Der Umsatz wächst, die roten Zahlen schrumpfen – aber verschwunden sind sie nicht. Die Hamburger Beteiligungsgesellschaft Private Assets SE & Co. KGaA hat im ersten Halbjahr 2026 ihre Umsatzerlöse auf 90,1 Millionen Euro gesteigert, nach 75,7 Millionen Euro im gleichen Zeitraum des Vorjahres. Das entspricht einem Anstieg von knapp 19 Prozent.

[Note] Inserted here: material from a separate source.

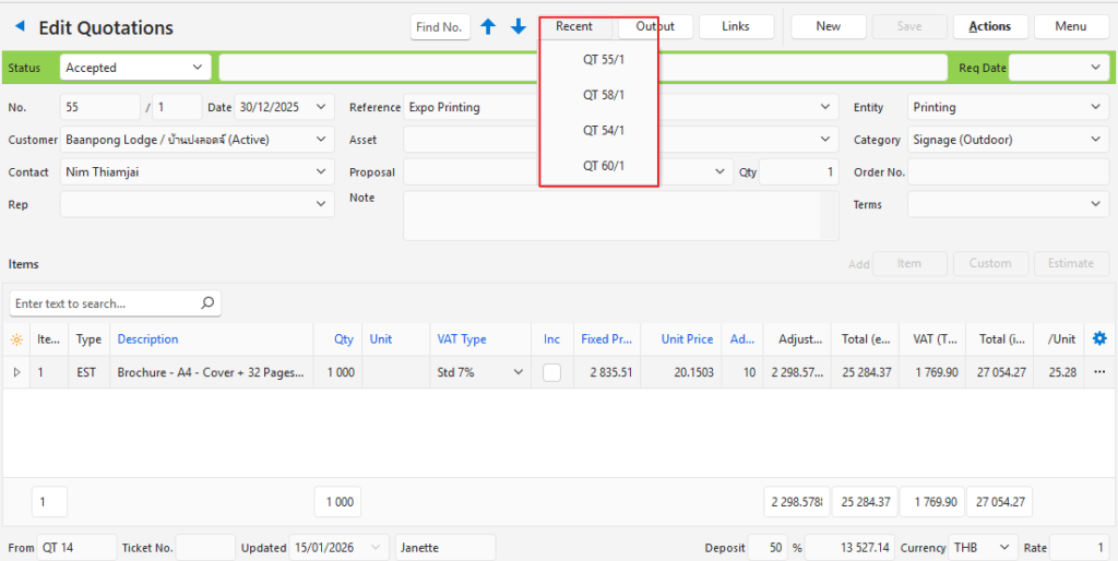 The Recent button, on edit views, displays the transaction numbers that were recently viewed or edited for the same transaction type. Click an entry to open that transaction.
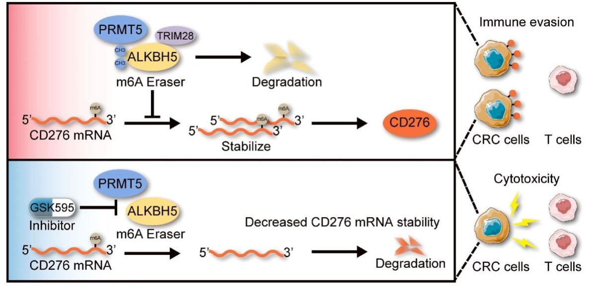 PRMT5是精氨酸甲基转移酶家族蛋白的重要成员之一,已有报道表明PRMT5能促进多种肿瘤的免疫逃逸作用,但PRMT5调控肿瘤免疫逃逸作用机制并不明确。该研究首先发现PRMT5能通过调控结直肠癌细胞的m6A修饰来增强结直肠癌的免疫逃逸作用。团队成员运用meRIP-Seq、RNA-Seq、质谱检测等分析方法,发现PRMT5催化m6A去甲基酶ALKBH5的R316位点发生对称性二甲基化修饰(meR316-ALKBH5),meR316-ALKBH5进一步被TRIM28泛素化降解,这导致ALKBH5对CD276转录本的m6A去甲基化作用减弱,从而引起CD276的m6A修饰增加并提升它的mRNA稳定性,最终导致免疫检查点蛋白CD276表达增多并促进结直肠肿瘤免疫逃逸。相关研究结果该团队在2024年11月以英国正版365为申请人已向国家知识产权局申报国家发明专利。

Das Konzernergebnis bleibt negativ. Der Fehlbetrag lag bei 6,4 Millionen Euro, nach 6,7 Millionen Euro im ersten Halbjahr 2025. Vor Zinsen, Steuern und Abschreibungen belief sich das Defizit auf 0,9 Millionen Euro – gegenüber 1,6 Millionen Euro ein Jahr zuvor.
Wer die Anteile beobachtet, sieht also Fortschritte in der richtigen Richtung, aber noch keinen Wendepunkt.
Das Segment Automation & Technology belastete die Ergebnisentwicklung. Projektverschiebungen führten zu Unterauslastung, wie das Unternehmen mitteilte. Besser lief es im Segment Industrial: Mehrere Beteiligungen entwickelten sich nach eigenen Angaben besser als im Vorjahreszeitraum. Die zum Jahresende 2025 übernommene französische TAM Groupe läuft planmäßig, erste Effizienzmaßnahmen seien umgesetzt worden.
Der Auftragseingang stieg deutlich, und der Auftragsbestand liegt insgesamt auf hohem Niveau. Das Unternehmen sieht darin eine Grundlage für eine bessere operative Entwicklung im zweiten Halbjahr. Die geschäftsführenden Direktoren sind mit dem bisherigen Ergebnis nicht zufrieden.
Die Eigenkapitalquote sank zum 30. Juni 2026 auf 13,7 Prozent, nach 14,6 Prozent ein Jahr zuvor. Die Bilanzsumme stieg auf 107,5 Millionen Euro. Die Zahlungsmittel lagen bei 7,3 Millionen Euro und damit deutlich über dem Vorjahreswert.
Ob die laufenden Restrukturierungsprogramme und der hohe Auftragsbestand im zweiten Halbjahr tatsächlich zu einem positiven Ergebnis reichen, lässt die Mitteilung offen.